Eine Langzeitbetrachtung lässt in zumeist größeren Abständen eine kurzfristige Häufung bestimmter aufsehenerregender Straftaten erkennen. Die Erfahrung zeigt, dass diese in aller Regel keine langfristigen Trends darstellen. Formen der Empörung und Rufe nach raschen Reaktionen und Eingriffen sind zwar verständlich, eine vernünftige Strafrechtspolitik analysiert jedoch sorgfältig nationale und internationale Entwicklungen und stützt Reformen auf Evidenzbasierung sowie wissenschaftliche und fachliche Expertisen.

Österreich und europa

  • In Österreich liegt die Strafmündigkeit seit 1929 bei 14 Jahren. Dieses Alter hat sich bewährt, zumal unter dieser Altersgrenze Maßnahmen der Kinder- und Jugendhilfe sowie des Zivilrechts problematische Kinder in dieser schwierigen Phase unterstützen können.
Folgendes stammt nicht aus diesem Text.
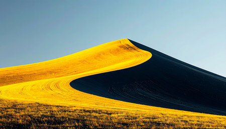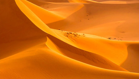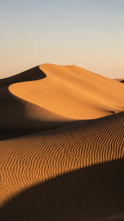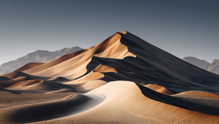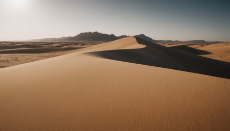 Stunning sand dunes form a captivating landscape, with soft curves and shadows under bright sunlight, evoking a sense of peace and connection to nature
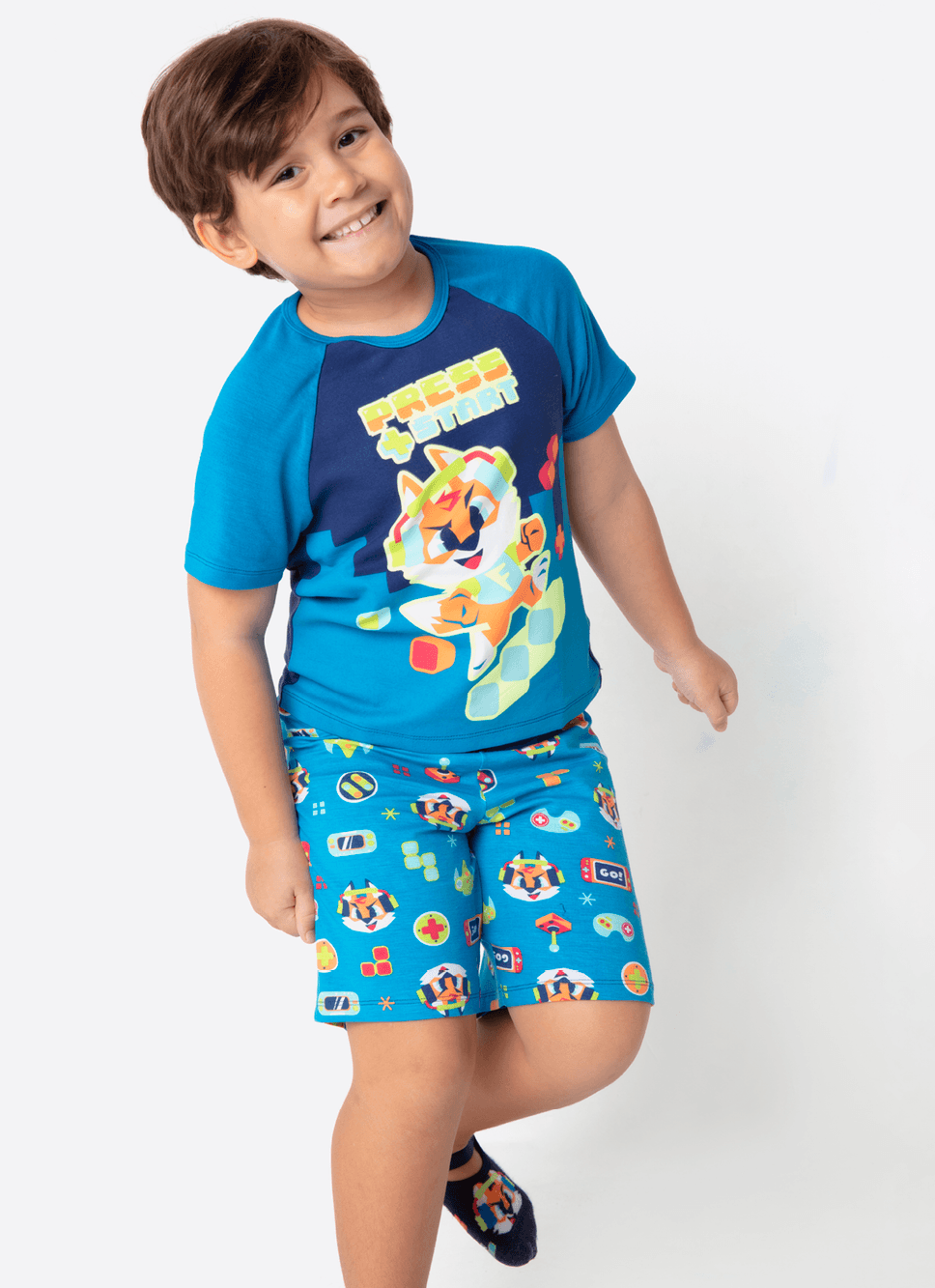 Pijama Manga Curta Viscolycra Menino Raposa Gamer
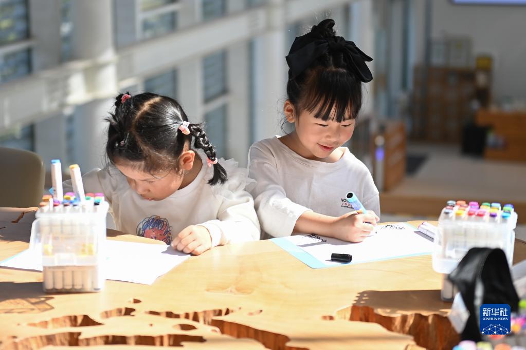 10月14日,湖州市吳興高新區中心幼兒園的小朋友在靈糧農場以水稻為主題進行繪畫。
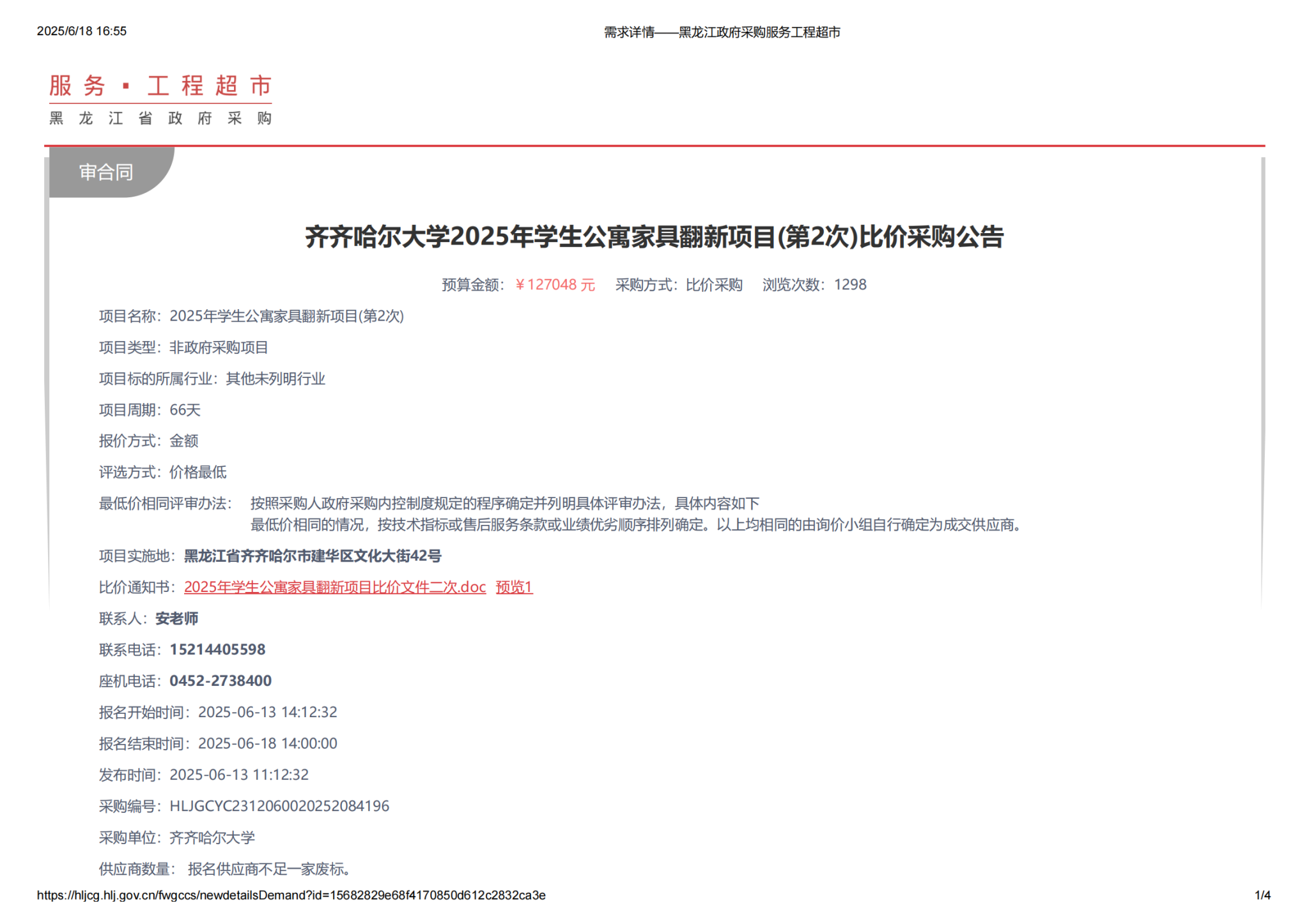 下一条:齐齐哈尔大学PP试剂柜采购比价项目比价采购需求公告(转自黑龙江省政府采购网)
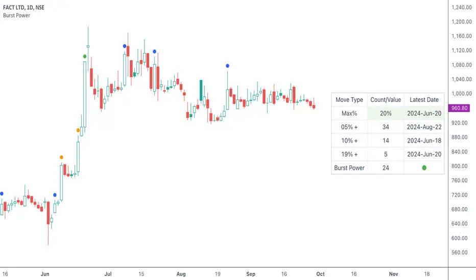This indicator is intended to identify stocks with high potential for significant price movements. By analysing historical price action over a user-defined lookback period, it calculates a Burst Power score that reflects the stock's propensity for rapid and substantial moves. This can be helpful for stock selection in strategies involving momentum bursts, swing trading, or identifying stocks with explosive potential.
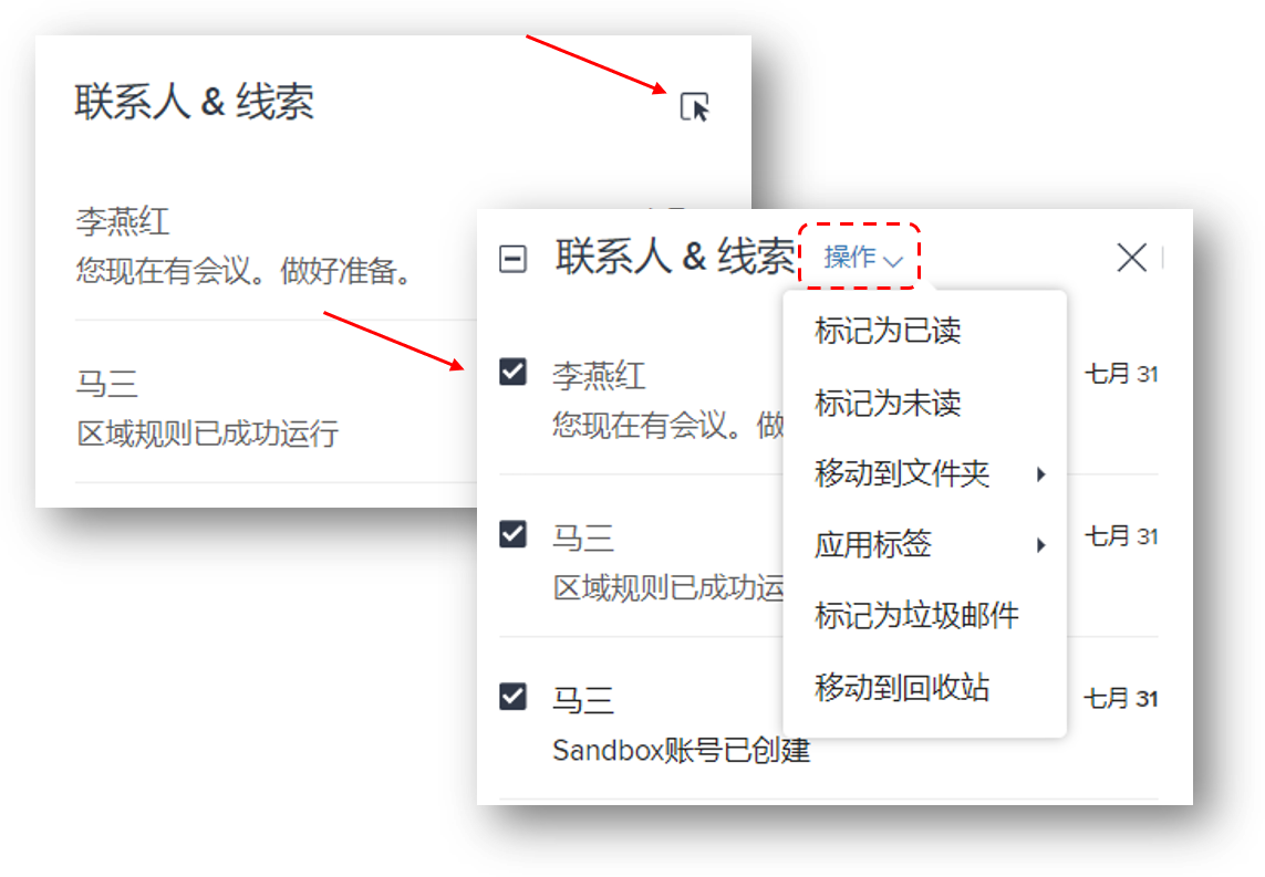 - 批量选择邮件:当您在CRM的邮箱视图名称后面移动鼠标时,将会看到带箭头的选择图标。点击此图标时,邮件前面会出现允许批量选择的复选框,选中多封邮件之后可以执行批量删除或者批量标记为未读等操作。
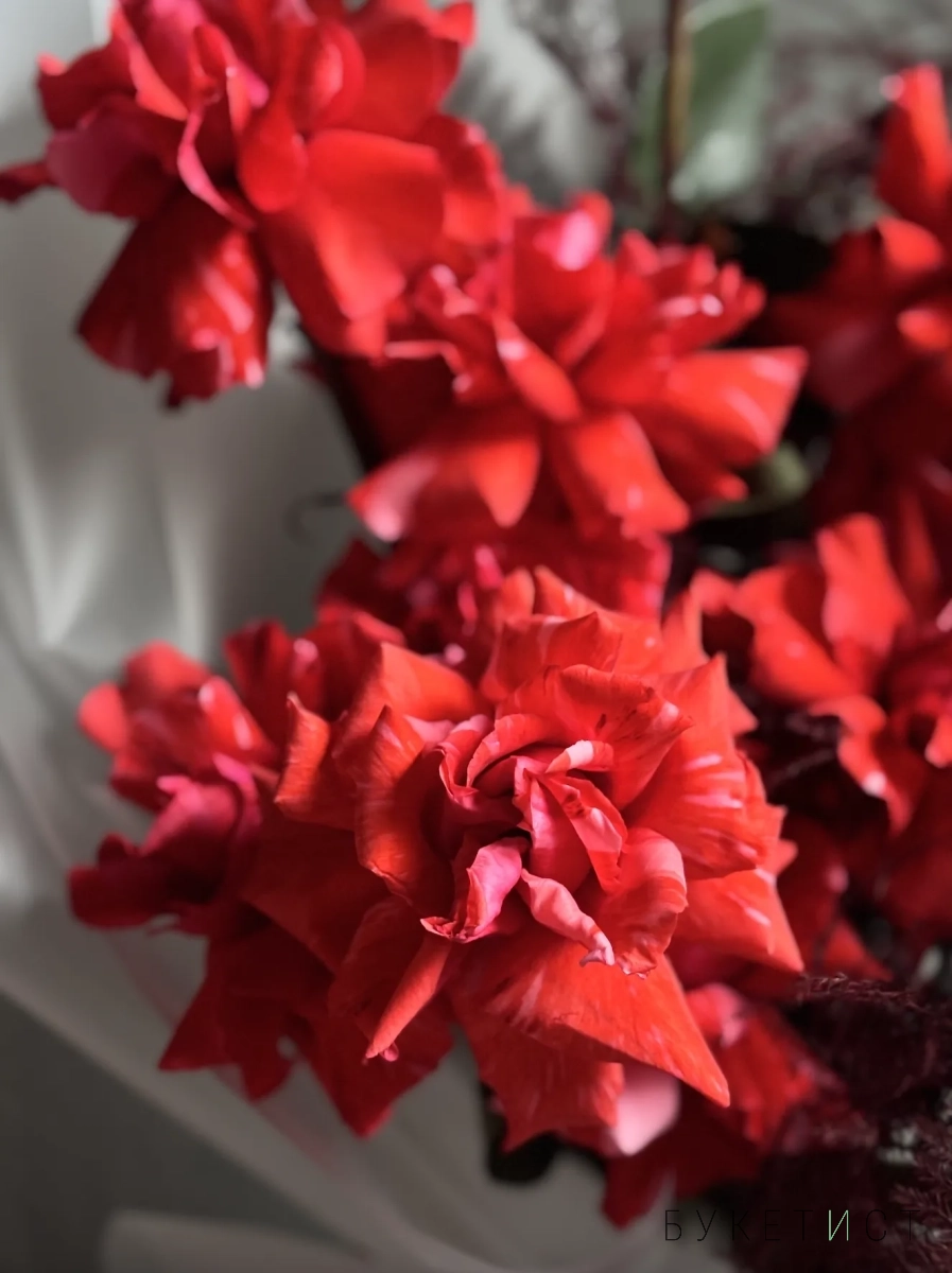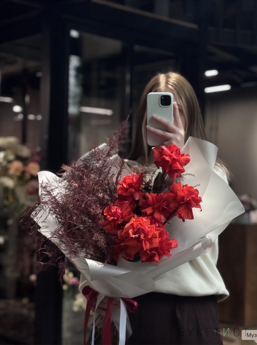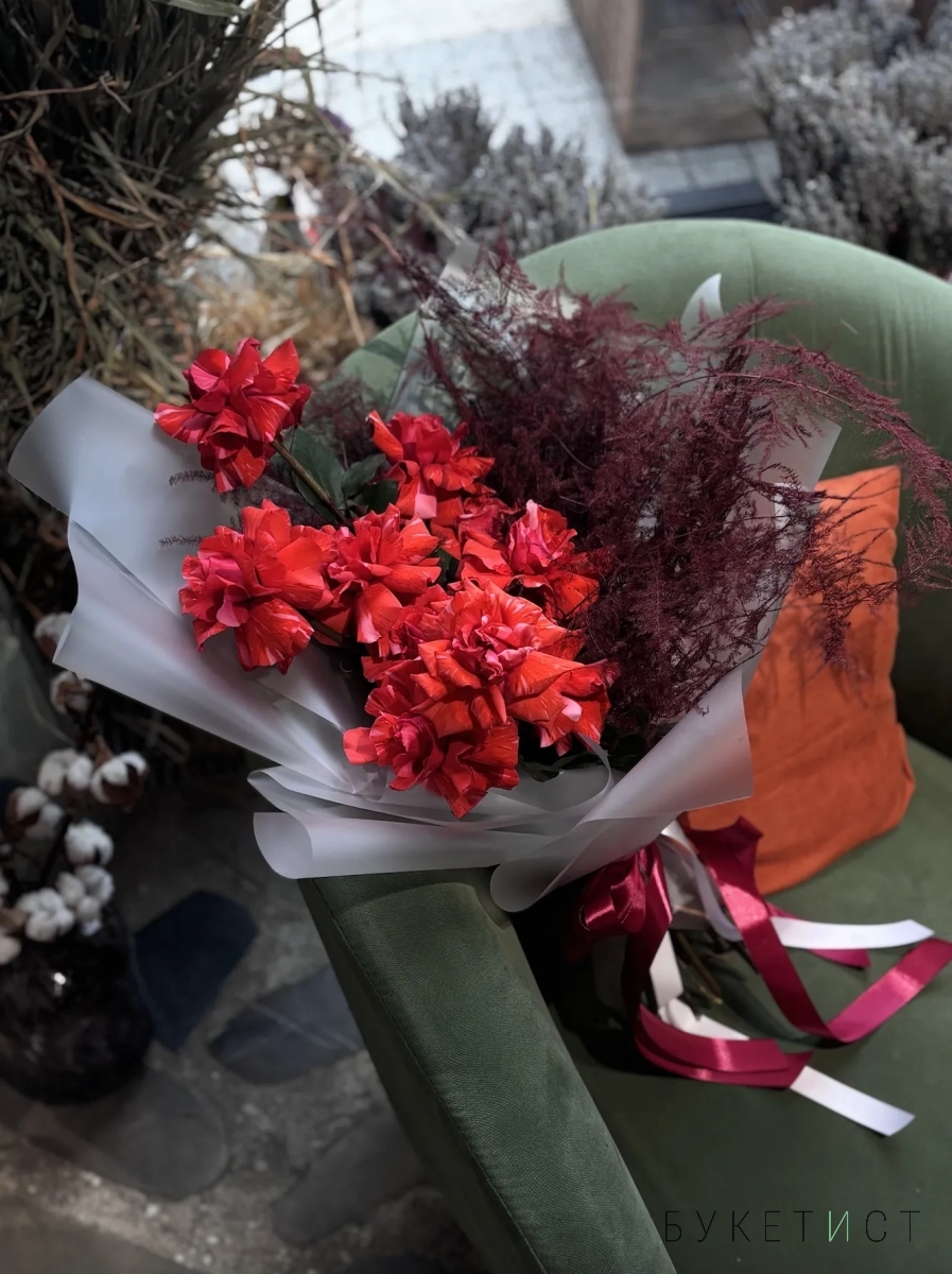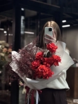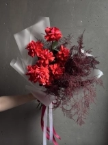 Монобукет из ажурныйх алых роз сорта Нина и пушистого аспарагуса. Букет собран в разновысотной технике, а каждый лепесток розы вывернут вручную - так создается объем и особый эффект "кружева". Прелесть, не правда ли?
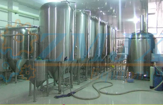 啤酒發(fā)酵系統(tǒng)有發(fā)酵罐、清酒罐、暫存罐組成;發(fā)酵是啤酒生產(chǎn)中極其重要的工藝過(guò)程。是一個(gè)有酵母參與的復(fù)雜的生化反應(yīng)過(guò)程,發(fā)酵罐為錐底圓柱形,罐體具備自身冷卻裝置,可很容易地控制發(fā)酵溫度;罐底為錐形,回收酵母及清洗都很方便;罐體具有CIP清洗系統(tǒng),保證了生產(chǎn)中的衛(wèi)生安全。具備了先進(jìn)的國(guó)際發(fā)酵工程技術(shù),可采用PLC自動(dòng)控溫技術(shù)。全過(guò)程控制啤酒發(fā)酵。

Hier werden keine juristischen Strafansätze verfolgt, sondern pädagogisch-psychologische Unterstützungsmaßnahmen gesetzt.
  • In den meisten Ländern der Europäischen Union liegt die Grenze zur Strafmündigkeit ebenfalls bei 14 bis 15 Jahren, mit sozialen Jugendhilfemaßnahmen unter dieser Grenze.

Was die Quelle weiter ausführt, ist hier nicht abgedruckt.